Thanks for that advice. I relayed it to my son but he still isn't sure whether he wants a long trip or a short one. I think he may want to do a bit of sight seeing on the way down. Actually, he's never left the UK before!!


----------



## baldilocks (Mar 7, 2010)

Best things is for him to use Michelin route planner and maps, traffic news, weather forecast, restaurants and hotel booking and set up the options to suit his needs


----------



## huckdog (Jan 12, 2016)

Thanks very much for that! I'll send it to him and he can make up his mind.


----------



## Robors2 (Jun 12, 2015)

huckdog said:


> . Actually, he's never left the UK before!!
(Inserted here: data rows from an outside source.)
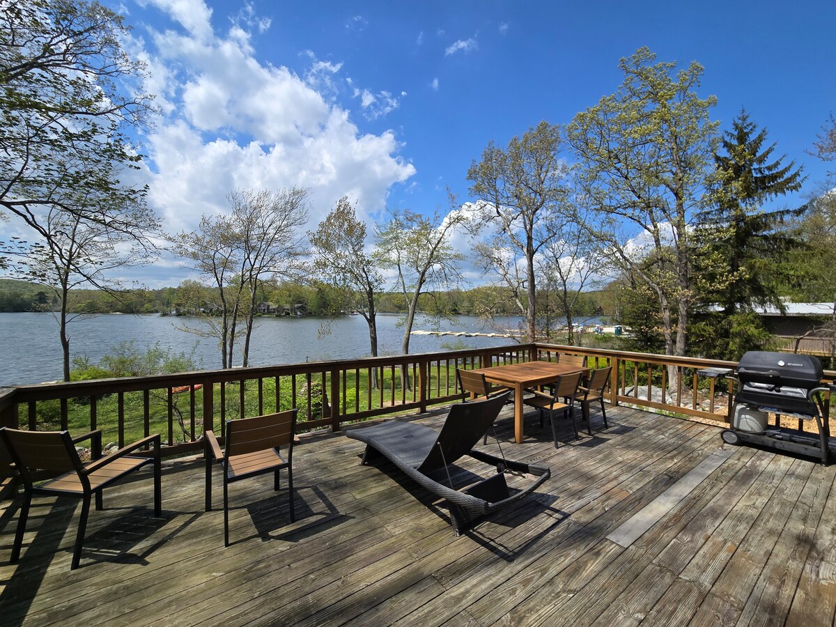 Уютный домик с современными удобствами, включая новую мебель, технику, Интернет, Wi-Fi и телевизор. Наслаждайтесь гостиной и столовой открытой планировки с полностью оборудованной кухней, спальней с кроватью размера Queen size, офисом и ванной с душем. Большая терраса с газовым грилем и множеством сидений с видом на озеро. Парковка на два автомобиля. В пяти минутах от деревни Гринвуд-Лейк, в 15 минутах от деревни Уорик и в окружении отдыха, еды, магазинов и многого другого. Разрешение № 34312
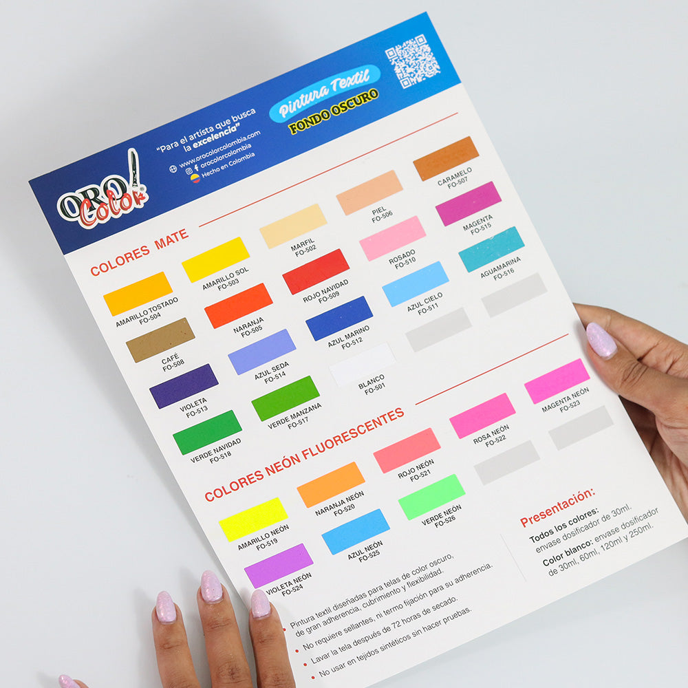 Descubre nuestraCarta de Colores Pintura para Tela Fondo Oscuro, cuidadosamente elaborada y pintada a mano para ofrecer una representación 100% real del acabado final de nuestras pinturas.
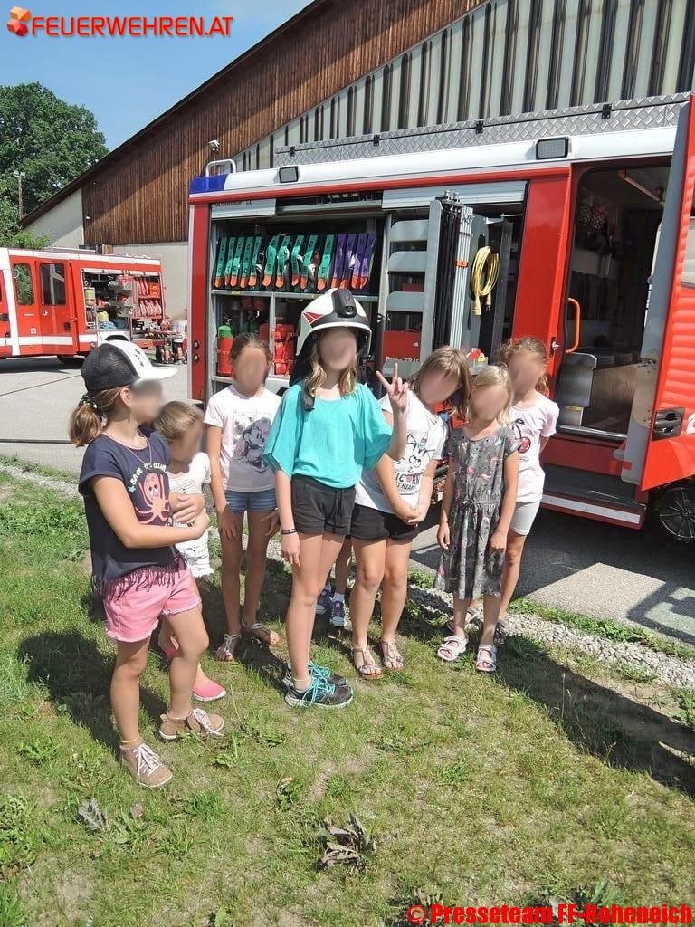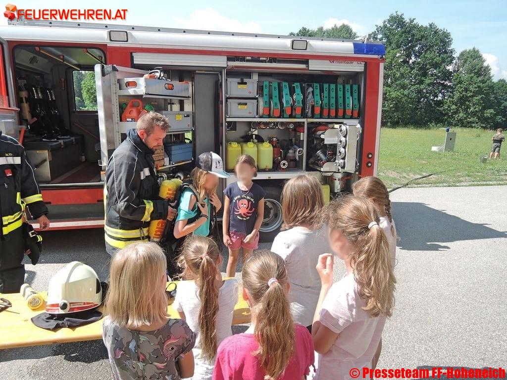 Im Rahmen der Aktion „Gemeinsam – Sicher – Feuerwehr“ besuchten die Feuerwehren der Gemeinde Hoheneich die örtliche Volksschule. Nach einem Vortrag der Floriani über die Aufgaben der Feuerwehr und der Tätigkeiten der Feuerwehrjugend folgte eine Besichtigung der Feuerwehrautos und der Gerätschaften.
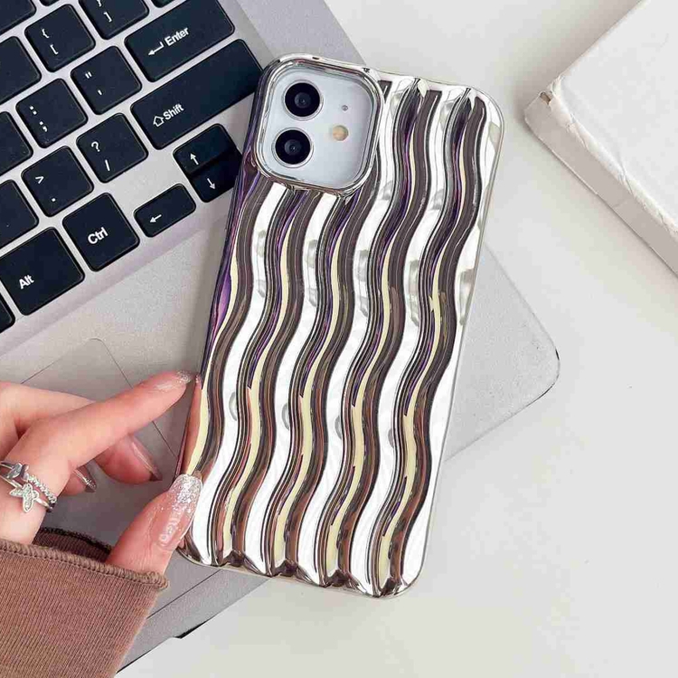 Funda para iPhone 11 Pro Max Plating 3D Water Wave Texture Phone Case (Plata)

So he never driven on the right hand side before?
Maybe for the first time he should fly and rent a car your end to get some experience.
The drive down is long and tiring, very easy to make mistake.


----------



## huckdog (Jan 12, 2016)

He's coming down with a friend so they can share the driving and be an extra pair of eyes. We've all been in at the deep end! Imagine coming out of Malaga airport into bright sunshine, your satnav not kicking in yet, never driven on the correct side, with gear shift and hand brake in the wrong place and your partner screaming at you and having kittens! This was my first experience. I think my son will have it easier!!


----------



## baldilocks (Mar 7, 2010)

huckdog said:


> He's coming down with a friend so they can share the driving and be an extra pair of eyes. We've all been in at the deep end! Imagine coming out of Malaga airport into bright sunshine, your satnav not kicking in yet, never driven on the correct side, with gear shift and hand brake in the wrong place and your partner screaming at you and having kittens! This was my first experience. I think my son will have it easier!!


Ha Ha Been there, done that!


----------



## huckdog (Jan 12, 2016)

Actually we were on our way to Santiago de Calatrava to see my cousin and while there looked at properties in your area. We thought it was a bit too hilly and she HATES windy roads! We then went to Almeria - too dry! So we settled for Valencia. And now this is our 6th year in Spain. I love it here!


----------



## labob (Dec 2, 2014)

Hello, 

I've done the drive from the UK to Valencia and went through France because the ferry to Spain costs a bomb. 

If you take the 'D' roads through France it doesn't cost much extra in fuel and a lot less in not paying tolls. Plus the countryside is lovely. Then once you're over the border you just sit on the A23 past Huesca/Zaragoza/Teruel to Valencia.

If you bomb it you could probably do it in 2 1/2 days or less but I recommend three nights to allow for stop offs and wanderings.


----------



## Robors2 (Jun 12, 2015)

labob said:


> Hello,
> 
> If you bomb it you could probably do it in 2 1/2 days or less .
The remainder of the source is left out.